Bit of a sweeping statement, KS1. None of ours are leggy, they all have appropriate bone for their height, and they are all performance hunters - they're not ones that plod around at the back and heave themselves over hunt jumps. My partner's best horse is 18hh, 16 years old, sound, still going (very) strong, and has hunted with the Meynell, the Ledbury, South Shropshire, North Staffordshire, and the North Shropshire among others - he's always up front. He is pure ID and has 10" bone. 

I'm quite happy for others to breed what they want - we would like to breed something that will carry him, and hunt well. If for whatever reason, it turns out too small for him, then I can ride it instead. We're not breeding to sell, only a one off as we like the mare and she has good bloodlines.


----------



## KautoStar1 (28 April 2017)

Well I don't think it's a sweeping statement.  I've been out plenty on the show circuit and they are there. 

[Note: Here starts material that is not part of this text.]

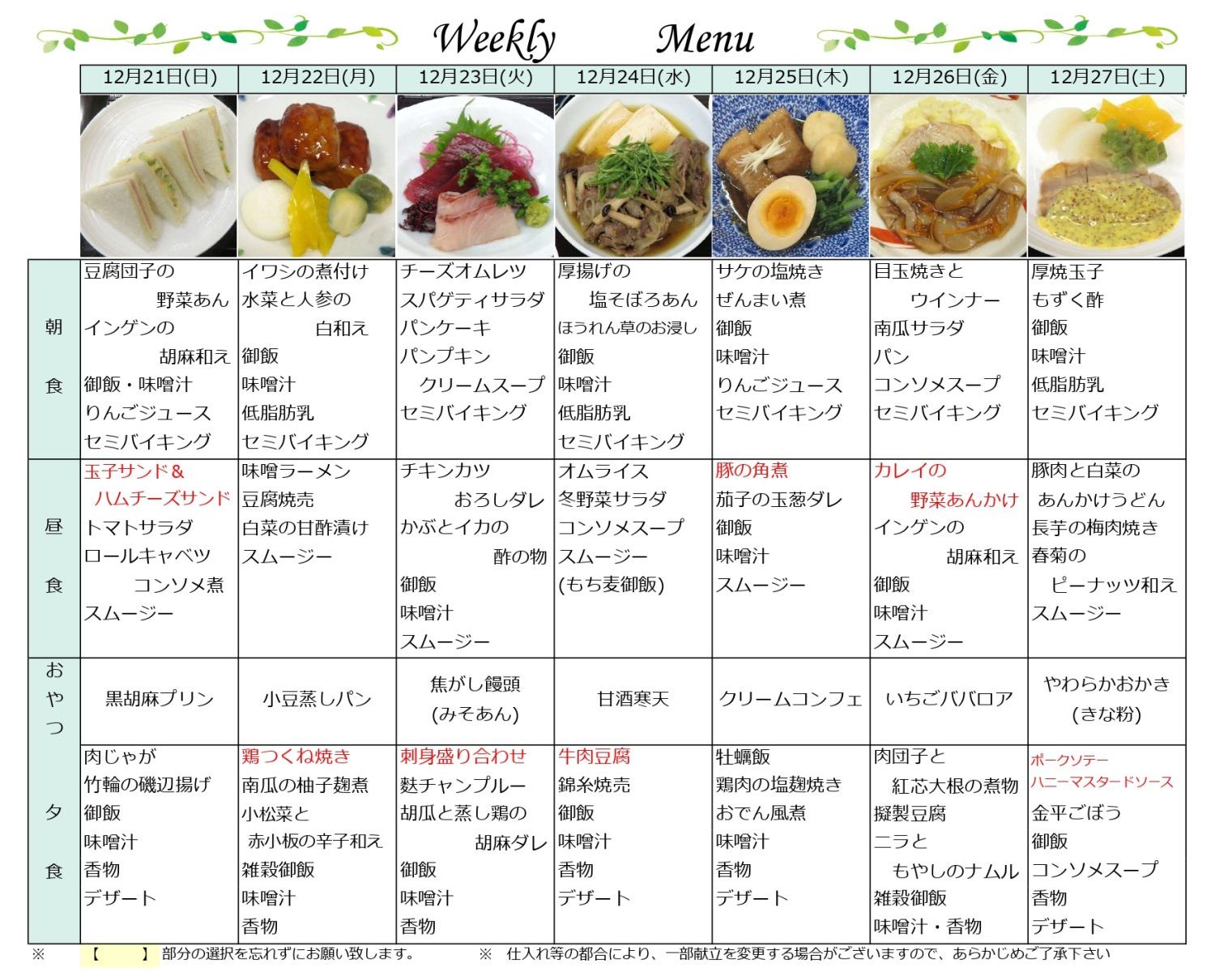 住まいにより若干異なりますが、介護付きドーミーの献立を例に掲載します。

I am not suggesting your horses aren't lovely and of course if your OH is very tall then a larger horse is more appropriate. 

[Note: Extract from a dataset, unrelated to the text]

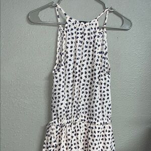 Chic floral tank top by Collective Concepts. Features a cream base with navy and pink floral patterns. Perfect for casual outings.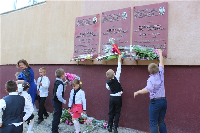 Флаг поднят. И с приветственной речью ко всем обратилась директор школы Елена Суворова. Она отметила, что одних ребят впереди ждут летние каникулы, возможность отдохнуть и набраться сил. Другим предстоят экзамены. Но всех их по-прежнему любят и ждут в школе. Завершая свое выступление, она вручила грамоты и дипломы талантливым ученикам, занявшим призовые места в конкурсах и соревнованиях областного и республиканского уровня, благодарственные письма родителям школьников. Со словами добрых пожеланий и напутствий обратились к учащимся почетные гости праздника, а также первая учительница и родители выпускников. Каждый из них вложил в свои слова особые чувства, в которых сочетались гордость за детей и их достижения, горечь от предстоящего прощания и надежда на новые успехи и свершения. Вокальные, танцевальные номера и стихотворные выступления подарили присутствующим первоклассники и выпускники. И порой невозможно было сдержать слезы, настолько это было проникновенно и эмоционально. Особенностью линейки в этой школе является традиция возлагать цветы к мемориальным доскам в честь погибших воинов-интернационалистов. Не стал исключением и нынешний год.

But the point of a breed standard is just that. To preserve type.  And type is being lost.  The pure bred ID is not a performance horse and should not be bred as such.  Performance horses should be bred using a mixture of blood, preferably (IMO) TB.  

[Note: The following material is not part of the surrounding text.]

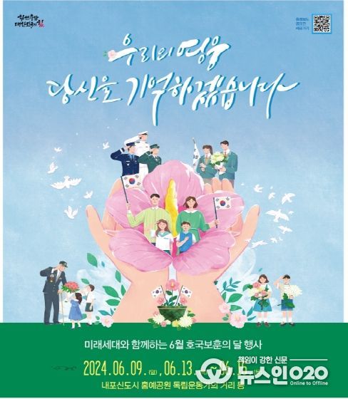 (뉴스인020 = 최정직 기자) 충남도는 6월 호국보훈의 달을 맞아 13일부터 15일까지 내포신도시 홍예공원 일원에서 ‘미래세대와 함께하는 보훈문화 체험행사’를 운영한다고 밝혔다.

My RID gelding is bang on breed standard- AA I'm sure will agree.  He is very old traditional lines.  You can't mistake him for anything else.  He will turn his hoof to most things and is good at most things too. He's by no means a plod but he's not sporty.  He is actually v similar in looks to Jo's stallion.


----------



## spacefaer (29 April 2017)

KautoStar1 said:



			Well I don't think it's a sweeping statement.  I've been out plenty on the show circuit and they are there. 

I am not suggesting your horses aren't lovely and of course if your OH is very tall then a larger horse is more appropriate. 

But the point of a breed standard is just that. To preserve type.  And type is being lost.  The pure bred ID is not a performance horse and should not be bred as such.  Performance horses should be bred using a mixture of blood, preferably (IMO) TB.  

My RID gelding is bang on breed standard- AA I'm sure will agree.  He is very old traditional lines.  You can't mistake him for anything else.  He will turn his hoof to most things and is good at most things too. He's by no means a plod but he's not sporty.  He is actually v similar in looks to Jo's stallion.
		
Click to expand...

But if I add blood, I'll lose bone and substance, which is what I want to add......


----------



## mynutmeg (16 May 2017)

What about this boy http://www.shelbournefarm.com/stallions/william/
He's one I'm strongly considering for my mare when I breed her in a few years time - he's a big lad (at least to me - my girl is only 15'1) and is based in Ireland.


----------



## Colivet (16 May 2017)

mynutmeg said:



			What about this boy http://www.shelbournefarm.com/stallions/william/
He's one I'm strongly considering for my mare when I breed her in a few years time - he's a big lad (at least to me - my girl is only 15'1) and is based in Ireland.
		
Click to expand...

William is fabulous and has a great temperament.  He stands at Cappa Stud in Ireland and it looks as if the link above is to American agents who market several Irish stallions.  As far as I am aware, he is available AI directly from Cappa.


----------



## mynutmeg (16 May 2017)

Thats good to hear - I think I did find the stud direct, I've definately got them on FB. Because the foal will be a pet/personal horse temperment is a huge thing for me 
http://www.cappastud.com/ballineen-its-william-class-1-rid.php I think this is the direct one


----------